One of the most common brake styles found on road bikes today are called caliper brakes (also 'road brakes' or 'road caliper brakes'). Like the medical instrument, a caliper is a tool that hinges and allows two arms to adjust to various widths, either to measure the distance between something or -- in this case -- to provide an adjustable system for pulling brake pads against the rim of a bicycle.
This article will describe the basic function of caliper brakes and help you with some of the basic repairs you will likely encounter if you have these brakes on your bike.
Types of Caliper Brakes
While all caliper brakes are broadly the same, there are three separate types of caliper brakes that vary in style. You should know what these look like to reduce confusion when working on your brakes.

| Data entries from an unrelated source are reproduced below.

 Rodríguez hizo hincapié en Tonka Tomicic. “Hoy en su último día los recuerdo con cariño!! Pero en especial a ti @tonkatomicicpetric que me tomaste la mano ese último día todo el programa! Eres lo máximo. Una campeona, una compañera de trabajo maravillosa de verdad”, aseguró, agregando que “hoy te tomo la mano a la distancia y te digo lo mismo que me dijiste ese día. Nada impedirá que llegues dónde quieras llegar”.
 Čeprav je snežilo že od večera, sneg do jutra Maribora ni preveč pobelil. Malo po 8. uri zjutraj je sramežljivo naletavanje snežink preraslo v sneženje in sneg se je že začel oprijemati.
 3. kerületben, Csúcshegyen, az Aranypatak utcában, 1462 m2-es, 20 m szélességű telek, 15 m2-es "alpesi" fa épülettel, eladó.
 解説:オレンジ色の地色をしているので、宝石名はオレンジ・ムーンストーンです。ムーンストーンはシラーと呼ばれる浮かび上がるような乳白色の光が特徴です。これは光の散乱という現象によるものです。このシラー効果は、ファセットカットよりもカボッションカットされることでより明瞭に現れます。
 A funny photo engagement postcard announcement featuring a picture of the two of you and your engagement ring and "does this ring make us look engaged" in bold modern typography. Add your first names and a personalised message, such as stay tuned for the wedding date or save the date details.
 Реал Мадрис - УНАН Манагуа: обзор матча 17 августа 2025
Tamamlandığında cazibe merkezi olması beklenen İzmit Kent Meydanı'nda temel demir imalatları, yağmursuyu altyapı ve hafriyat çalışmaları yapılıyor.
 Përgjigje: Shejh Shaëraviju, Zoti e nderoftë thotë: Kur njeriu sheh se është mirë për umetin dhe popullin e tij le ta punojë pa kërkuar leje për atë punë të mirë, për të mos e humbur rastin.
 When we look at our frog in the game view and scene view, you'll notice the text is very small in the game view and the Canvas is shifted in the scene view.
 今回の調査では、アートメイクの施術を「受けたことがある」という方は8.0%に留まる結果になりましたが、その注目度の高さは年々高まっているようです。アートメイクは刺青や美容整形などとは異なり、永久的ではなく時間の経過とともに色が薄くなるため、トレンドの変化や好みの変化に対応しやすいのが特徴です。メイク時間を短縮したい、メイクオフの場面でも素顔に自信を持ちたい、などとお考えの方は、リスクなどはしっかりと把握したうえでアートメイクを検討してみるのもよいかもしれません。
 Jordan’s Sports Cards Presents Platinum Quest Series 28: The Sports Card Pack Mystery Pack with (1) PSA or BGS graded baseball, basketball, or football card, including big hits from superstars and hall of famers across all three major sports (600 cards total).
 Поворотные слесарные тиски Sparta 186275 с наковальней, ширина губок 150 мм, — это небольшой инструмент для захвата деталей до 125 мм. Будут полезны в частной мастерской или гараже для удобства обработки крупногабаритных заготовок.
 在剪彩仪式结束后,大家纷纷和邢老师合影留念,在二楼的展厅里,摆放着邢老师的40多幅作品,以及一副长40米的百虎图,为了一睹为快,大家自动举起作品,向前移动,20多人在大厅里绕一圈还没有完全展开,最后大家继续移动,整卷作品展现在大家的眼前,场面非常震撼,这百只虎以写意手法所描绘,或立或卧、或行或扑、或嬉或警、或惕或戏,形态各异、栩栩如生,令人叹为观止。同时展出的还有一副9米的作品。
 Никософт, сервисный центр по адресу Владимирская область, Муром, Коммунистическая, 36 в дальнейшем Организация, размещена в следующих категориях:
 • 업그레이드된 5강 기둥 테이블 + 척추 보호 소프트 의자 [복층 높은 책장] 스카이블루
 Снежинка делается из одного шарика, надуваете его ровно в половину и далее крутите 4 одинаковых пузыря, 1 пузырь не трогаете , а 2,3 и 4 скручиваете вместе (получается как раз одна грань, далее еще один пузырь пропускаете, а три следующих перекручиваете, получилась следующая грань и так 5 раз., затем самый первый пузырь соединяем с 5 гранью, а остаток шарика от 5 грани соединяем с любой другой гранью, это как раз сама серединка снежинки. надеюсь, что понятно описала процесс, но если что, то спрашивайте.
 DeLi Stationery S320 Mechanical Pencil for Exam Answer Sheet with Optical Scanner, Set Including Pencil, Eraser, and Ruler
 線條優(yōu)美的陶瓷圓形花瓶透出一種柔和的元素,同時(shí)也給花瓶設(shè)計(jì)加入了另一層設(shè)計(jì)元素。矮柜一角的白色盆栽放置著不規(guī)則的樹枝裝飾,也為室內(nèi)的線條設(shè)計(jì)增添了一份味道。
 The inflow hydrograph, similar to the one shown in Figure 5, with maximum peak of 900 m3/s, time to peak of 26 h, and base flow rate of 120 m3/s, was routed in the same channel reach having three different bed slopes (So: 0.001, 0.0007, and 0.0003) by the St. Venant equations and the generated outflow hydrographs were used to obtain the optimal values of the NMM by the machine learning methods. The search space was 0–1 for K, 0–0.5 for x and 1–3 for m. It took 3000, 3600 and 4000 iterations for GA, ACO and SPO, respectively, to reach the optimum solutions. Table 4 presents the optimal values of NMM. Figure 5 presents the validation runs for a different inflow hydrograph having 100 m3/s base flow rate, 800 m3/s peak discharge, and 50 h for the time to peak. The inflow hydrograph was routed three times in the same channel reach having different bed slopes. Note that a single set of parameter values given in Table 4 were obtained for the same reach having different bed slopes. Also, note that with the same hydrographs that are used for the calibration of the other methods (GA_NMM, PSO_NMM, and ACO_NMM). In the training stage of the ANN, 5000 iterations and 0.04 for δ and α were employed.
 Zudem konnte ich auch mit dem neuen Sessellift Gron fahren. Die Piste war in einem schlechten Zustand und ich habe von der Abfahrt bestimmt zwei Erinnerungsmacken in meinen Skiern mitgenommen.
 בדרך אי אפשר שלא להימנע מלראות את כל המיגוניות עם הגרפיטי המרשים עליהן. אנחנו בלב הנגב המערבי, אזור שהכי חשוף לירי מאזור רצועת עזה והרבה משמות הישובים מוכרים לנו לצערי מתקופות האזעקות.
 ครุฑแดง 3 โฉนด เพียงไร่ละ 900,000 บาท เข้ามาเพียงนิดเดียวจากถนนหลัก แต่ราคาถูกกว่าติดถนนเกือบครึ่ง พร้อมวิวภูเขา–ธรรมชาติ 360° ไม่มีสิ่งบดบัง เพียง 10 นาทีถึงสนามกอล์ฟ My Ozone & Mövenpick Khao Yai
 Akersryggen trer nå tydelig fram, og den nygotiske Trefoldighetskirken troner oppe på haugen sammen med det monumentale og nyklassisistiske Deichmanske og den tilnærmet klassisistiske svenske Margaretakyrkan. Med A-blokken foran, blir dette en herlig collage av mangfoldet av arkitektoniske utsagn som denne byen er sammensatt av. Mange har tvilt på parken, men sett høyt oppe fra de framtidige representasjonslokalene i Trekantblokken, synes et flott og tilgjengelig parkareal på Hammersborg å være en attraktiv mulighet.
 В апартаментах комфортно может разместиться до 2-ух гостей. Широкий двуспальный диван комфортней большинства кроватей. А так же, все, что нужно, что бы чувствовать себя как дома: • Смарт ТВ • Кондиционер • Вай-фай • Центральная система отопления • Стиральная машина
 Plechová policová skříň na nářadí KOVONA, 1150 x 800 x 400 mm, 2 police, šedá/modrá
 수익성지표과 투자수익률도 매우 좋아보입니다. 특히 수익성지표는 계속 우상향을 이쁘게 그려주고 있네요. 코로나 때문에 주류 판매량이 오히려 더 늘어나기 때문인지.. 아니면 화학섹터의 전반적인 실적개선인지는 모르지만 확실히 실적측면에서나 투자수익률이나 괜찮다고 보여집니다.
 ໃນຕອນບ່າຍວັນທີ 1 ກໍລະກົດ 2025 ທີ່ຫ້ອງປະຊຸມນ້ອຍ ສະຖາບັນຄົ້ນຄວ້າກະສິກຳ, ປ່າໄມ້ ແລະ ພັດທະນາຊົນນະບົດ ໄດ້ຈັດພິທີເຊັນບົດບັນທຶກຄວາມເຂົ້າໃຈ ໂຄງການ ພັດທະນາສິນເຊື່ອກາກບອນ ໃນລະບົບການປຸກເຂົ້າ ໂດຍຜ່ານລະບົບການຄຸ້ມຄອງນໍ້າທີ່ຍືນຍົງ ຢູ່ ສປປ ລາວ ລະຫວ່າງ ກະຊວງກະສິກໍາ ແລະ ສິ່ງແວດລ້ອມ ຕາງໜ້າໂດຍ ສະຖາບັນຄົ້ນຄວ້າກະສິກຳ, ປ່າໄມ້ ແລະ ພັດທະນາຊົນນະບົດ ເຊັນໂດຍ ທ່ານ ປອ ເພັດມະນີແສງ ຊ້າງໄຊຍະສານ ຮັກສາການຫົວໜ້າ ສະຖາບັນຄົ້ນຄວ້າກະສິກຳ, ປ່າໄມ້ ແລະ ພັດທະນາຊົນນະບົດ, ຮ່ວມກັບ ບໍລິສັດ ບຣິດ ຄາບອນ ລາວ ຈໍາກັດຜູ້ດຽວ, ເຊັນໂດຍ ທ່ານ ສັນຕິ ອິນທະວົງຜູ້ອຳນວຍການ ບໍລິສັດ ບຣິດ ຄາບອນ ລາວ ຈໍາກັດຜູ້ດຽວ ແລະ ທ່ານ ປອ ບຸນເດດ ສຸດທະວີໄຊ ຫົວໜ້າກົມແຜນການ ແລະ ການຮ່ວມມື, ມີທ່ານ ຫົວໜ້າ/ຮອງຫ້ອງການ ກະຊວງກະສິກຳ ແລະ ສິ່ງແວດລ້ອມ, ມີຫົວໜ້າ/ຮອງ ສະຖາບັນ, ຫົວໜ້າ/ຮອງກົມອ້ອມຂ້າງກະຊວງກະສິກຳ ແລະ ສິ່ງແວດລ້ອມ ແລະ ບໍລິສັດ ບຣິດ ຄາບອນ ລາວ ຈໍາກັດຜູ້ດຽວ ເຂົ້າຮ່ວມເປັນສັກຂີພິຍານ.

The first type is the single-pivot side pull. These brakes consist of two curved brake arms that pivot, as the name implies, from a central bolt that mounts onto the front fork or the rear of the frame.
The second type of caliper brake is the dual-pivot side pull. Like the single-pivot style, the brake is activated by the brake wire descending along the outside of the brake. However, instead of both brakes pivoting around a central bolt, in this design the cable pulls only one arm of the caliper. The second brake arm is activated by an internal cam, which makes these brakes "center" quite well.
The third type of caliper brake is the center pull design. Not to be confused with two-piece cantilever breaks commonly found on cyclocross and commuter bikes, these brakes are much less popular now than they were in the 1970s but are still around. As the name implies, center pull brakes rely on a brake cable descending towards the center of the mechanism. Here, the cable splits in two and connects to each of the brake arms.
Sizing Caliper Brakes
Before we get into the adjustments, let's make sure your caliper brakes are the correct size for your bike. This can be measured easily. Using a ruler, measure the distance (in millimeters) between the mid-point of the mounting hole and the mid-point of the rim's braking surface.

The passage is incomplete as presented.